**Task directions**
Copy exactly the lines from the line holding "বেপরোয়া চার চাকার" through the end of the material, and no others; pictures stay out.

**Data**
━━━━━━━━
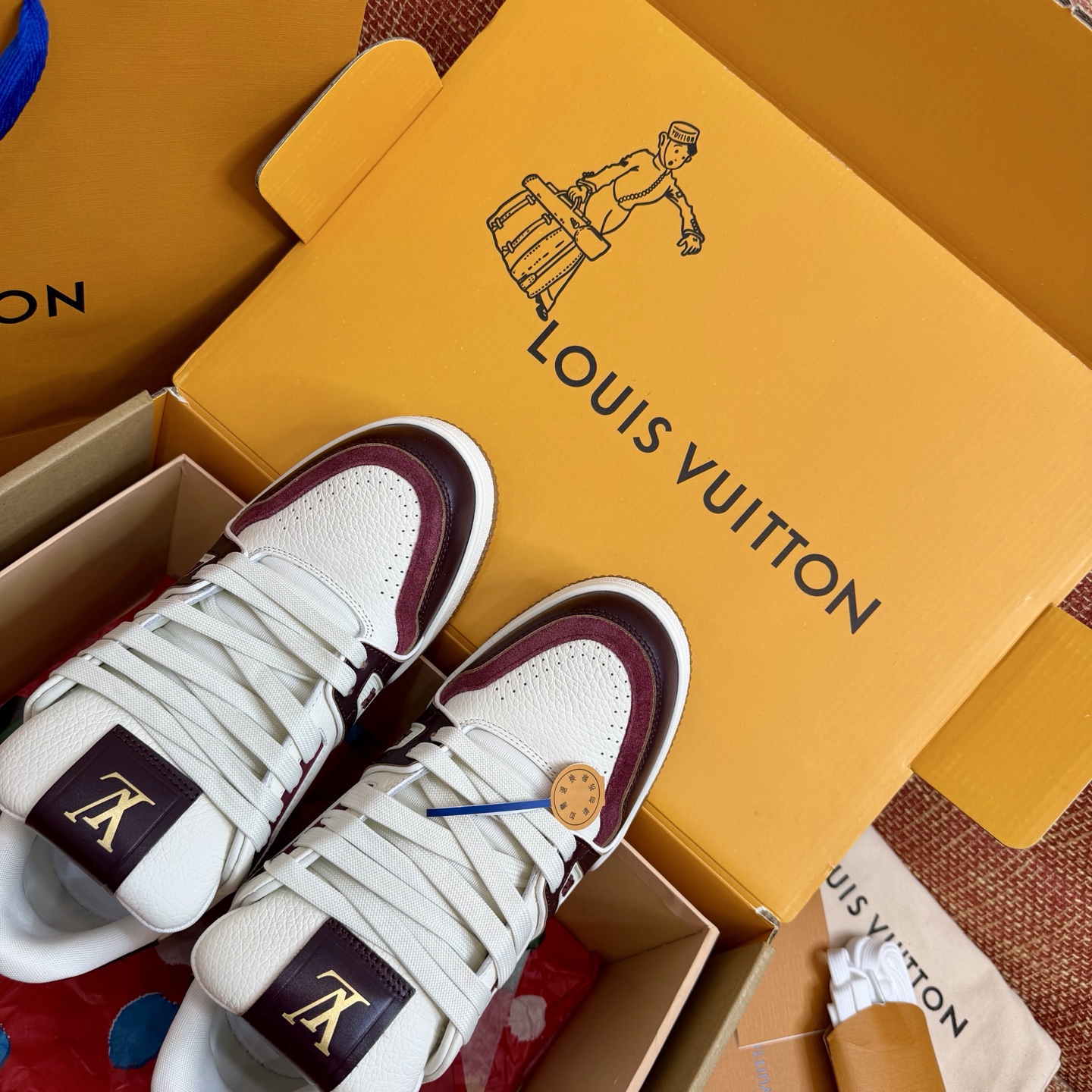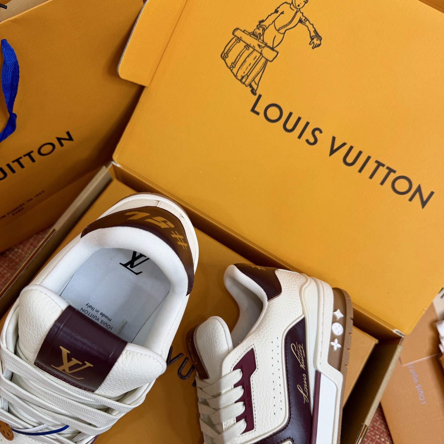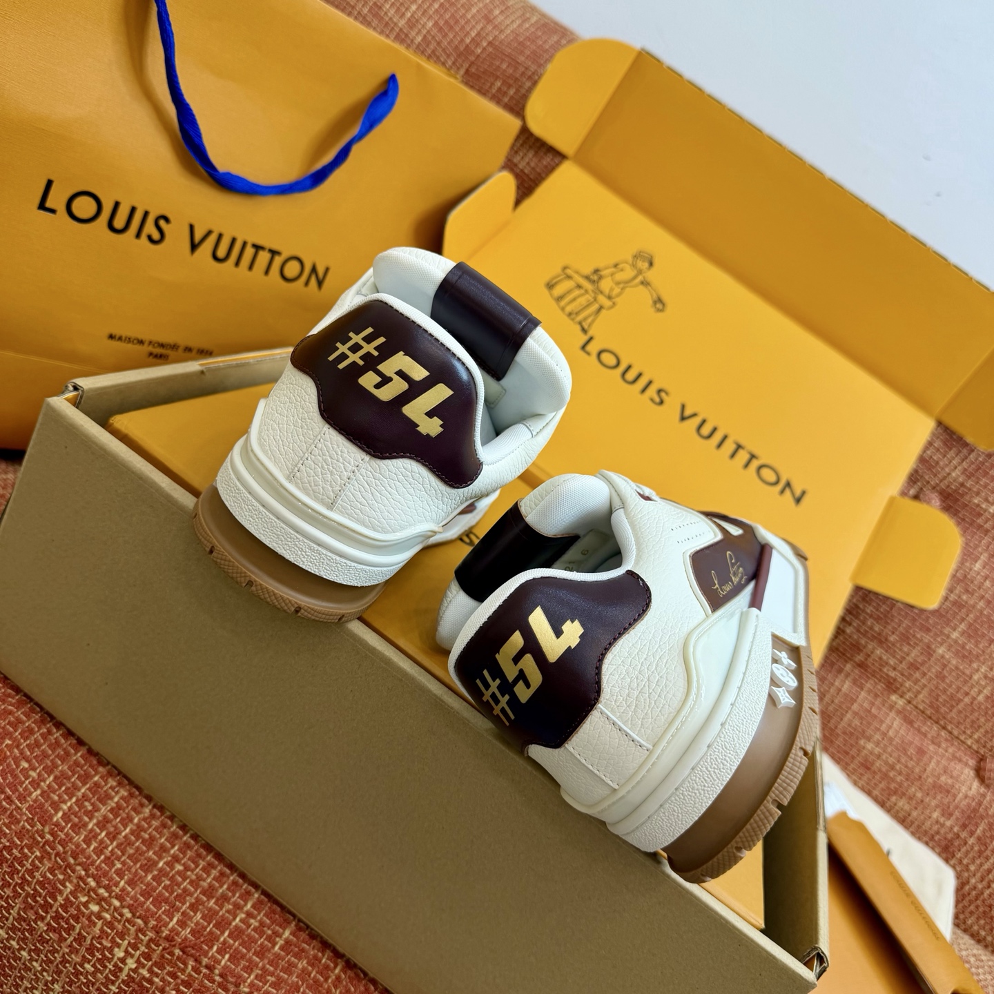 Louis Vuitton Trainer sneakers. Top quality replica, original pattern research for 3 months. Various wash and color treatment techniques. Each square position matches original.
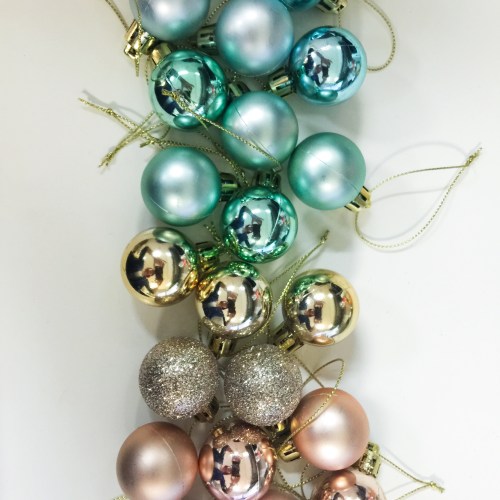 Pastel orb ornaments hung in a gradient pattern ($3 for 25 at Target)
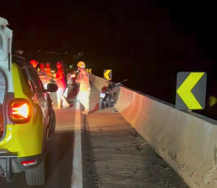 Segundo informações apuradas pela Polícia Rodoviária Estadual, a motocicleta bateu na traseira de um veículo que precisou reduzir bruscamente a velocidade para não atingir outra moto que seguia muito devagar à sua frente, com duas pessoas.
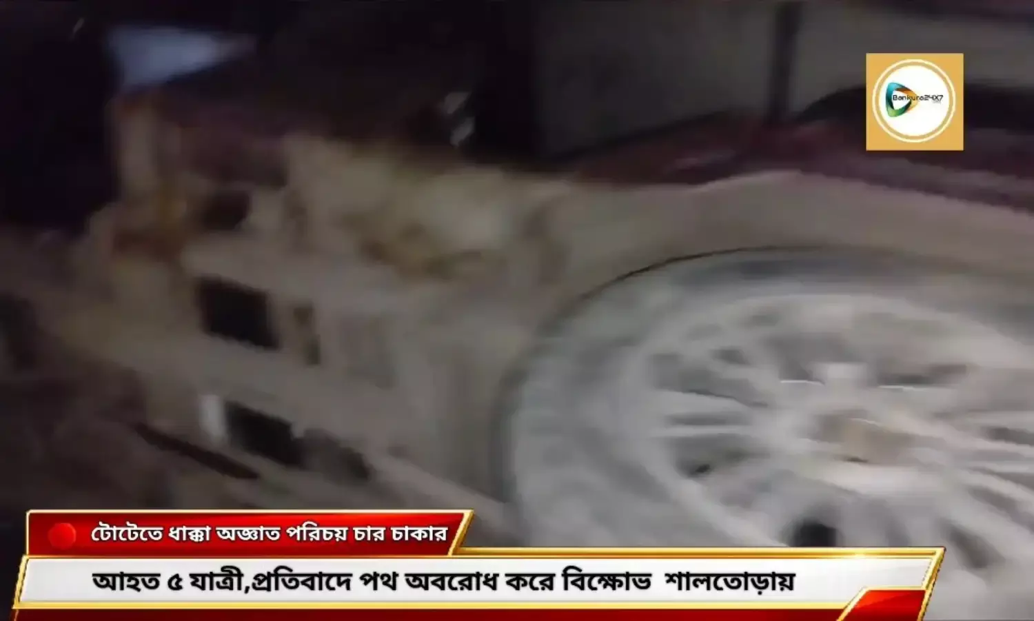বেপরোয়া চার চাকার গাড়ির ধাক্কায় টোটো উলটে আহত ৫,প্রতিবাদে পথ অবরোধ শালতোড়ায়।
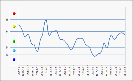 由中色钨钼行业月度景气信号灯(见图2)可见,2018年12月,在构成钨钼行业景气指数的9个指标中,钨钼固定资产月投资额1个指标处于“偏热”区间,钨钼价格指数、M2、钨钼出口额指数、硬质合金产量、粗钢产量、生产指数、钨钼企业主营业务收入、钨钼企业利润总额8个指标处于“正常”区间,没有处于“过冷”、“偏冷”、“过热”空间的指标。值得注意的是,钨钼价格指数从今年4月份开始持续下降,12月份为钨钼价格指数为21.2,已处于“正常”区间中部;钨钼出口额指数从今年10月份开始持续下降,12月份钨钼出口额指数为95.4,已进入“正常”区间;钨钼固定资产投资额指数今年以来持续上升,12月份钨钼固定资产投资额指数为223.8,已接近“过热”区间下限值。
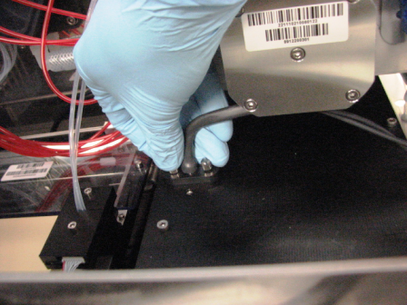 - Place the Luminometer injector back into the Luminometer module and finger-tighten the screws.
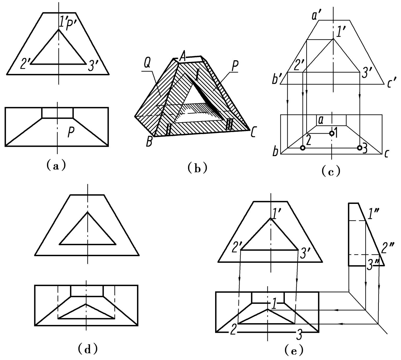 解:首先根据图 2.60(a)想象该立体的形状,如图 2.60(b)所示。可以看出:三棱柱形通孔的三个棱面与棱台的棱面P和Q分别相交成一个三角形,由于Q是正平面,因此Q面内三角形的水平投影积聚在相应的直线上,无须另画。平面P是侧垂面,它与三棱柱形通孔的三个棱面相交于△ⅠⅡⅢ,其水平投影是类似形。孔的三个棱面中,前两个是正垂面,第三个是水平面,完成俯视图就是要作出平面P内△ⅠⅡⅢ和孔的三条棱线的水平投影。
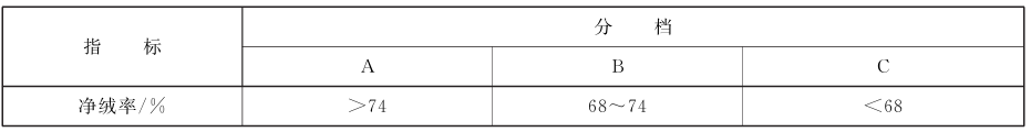 图 7 国标 GB18267—2013《山羊绒》中关于洗净绒净绒率分档的规定
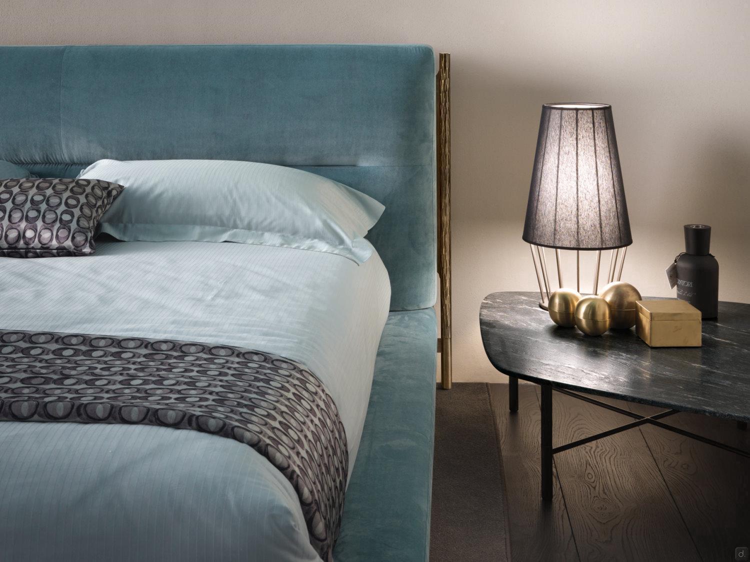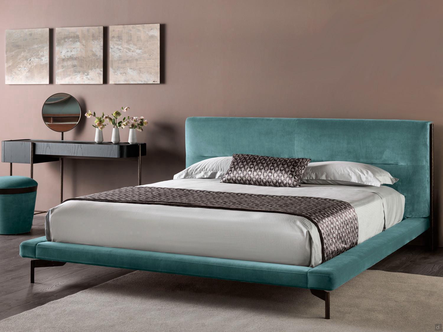 Das Kopfteil hat eine strenge Linie, die nur auf halber Höhe durch eine Naht abgeschwächt wird, die die Kontinuität der gepolsterten Fläche unterbricht. Der schlanke Bettrahmen ist ebenfalls gepolstert und für einen leichten Effekt vom Boden abgehoben.
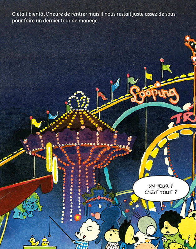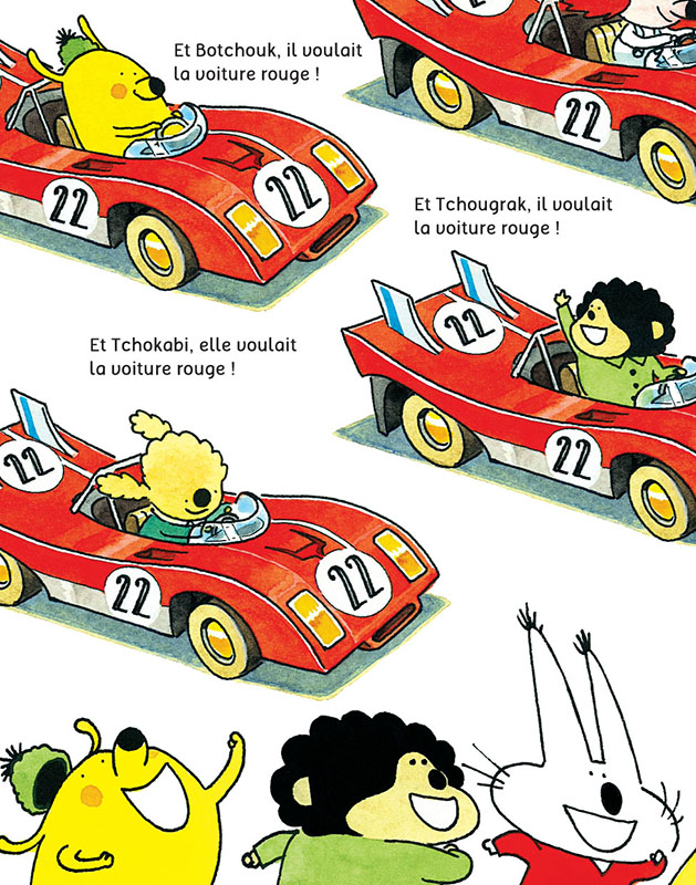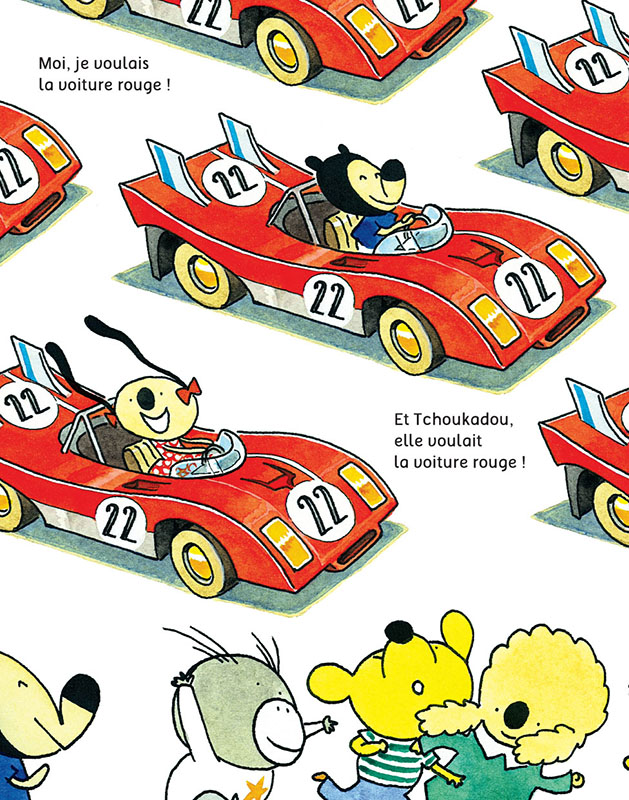 Vite ! C’est le dernier tour de manège pour les Tchouks, ils courent pour monter dans leur véhicule préféré... bien sûr, ils veulent tous la voiture rouge, la plus rapide. Mais c’est Tchoukrik qui l’a eue, alors Patatchouk, Tchoukadou, Tchougrak et les autres choisissent leur monture avant le départ, c’est hyper stressant. La course démarre, sus au pompon !
━━━━━━━━
**Written reply**
বেপরোয়া চার চাকার গাড়ির ধাক্কায় টোটো উলটে আহত ৫,প্রতিবাদে পথ অবরোধ শালতোড়ায়।
 由中色钨钼行业月度景气信号灯(见图2)可见,2018年12月,在构成钨钼行业景气指数的9个指标中,钨钼固定资产月投资额1个指标处于“偏热”区间,钨钼价格指数、M2、钨钼出口额指数、硬质合金产量、粗钢产量、生产指数、钨钼企业主营业务收入、钨钼企业利润总额8个指标处于“正常”区间,没有处于“过冷”、“偏冷”、“过热”空间的指标。值得注意的是,钨钼价格指数从今年4月份开始持续下降,12月份为钨钼价格指数为21.2,已处于“正常”区间中部;钨钼出口额指数从今年10月份开始持续下降,12月份钨钼出口额指数为95.4,已进入“正常”区间;钨钼固定资产投资额指数今年以来持续上升,12月份钨钼固定资产投资额指数为223.8,已接近“过热”区间下限值。
 - Place the Luminometer injector back into the Luminometer module and finger-tighten the screws.
 解:首先根据图 2.60(a)想象该立体的形状,如图 2.60(b)所示。可以看出:三棱柱形通孔的三个棱面与棱台的棱面P和Q分别相交成一个三角形,由于Q是正平面,因此Q面内三角形的水平投影积聚在相应的直线上,无须另画。平面P是侧垂面,它与三棱柱形通孔的三个棱面相交于△ⅠⅡⅢ,其水平投影是类似形。孔的三个棱面中,前两个是正垂面,第三个是水平面,完成俯视图就是要作出平面P内△ⅠⅡⅢ和孔的三条棱线的水平投影。
 图 7 国标 GB18267—2013《山羊绒》中关于洗净绒净绒率分档的规定
 Das Kopfteil hat eine strenge Linie, die nur auf halber Höhe durch eine Naht abgeschwächt wird, die die Kontinuität der gepolsterten Fläche unterbricht. Der schlanke Bettrahmen ist ebenfalls gepolstert und für einen leichten Effekt vom Boden abgehoben.
 Vite ! C’est le dernier tour de manège pour les Tchouks, ils courent pour monter dans leur véhicule préféré... bien sûr, ils veulent tous la voiture rouge, la plus rapide. Mais c’est Tchoukrik qui l’a eue, alors Patatchouk, Tchoukadou, Tchougrak et les autres choisissent leur monture avant le départ, c’est hyper stressant. La course démarre, sus au pompon !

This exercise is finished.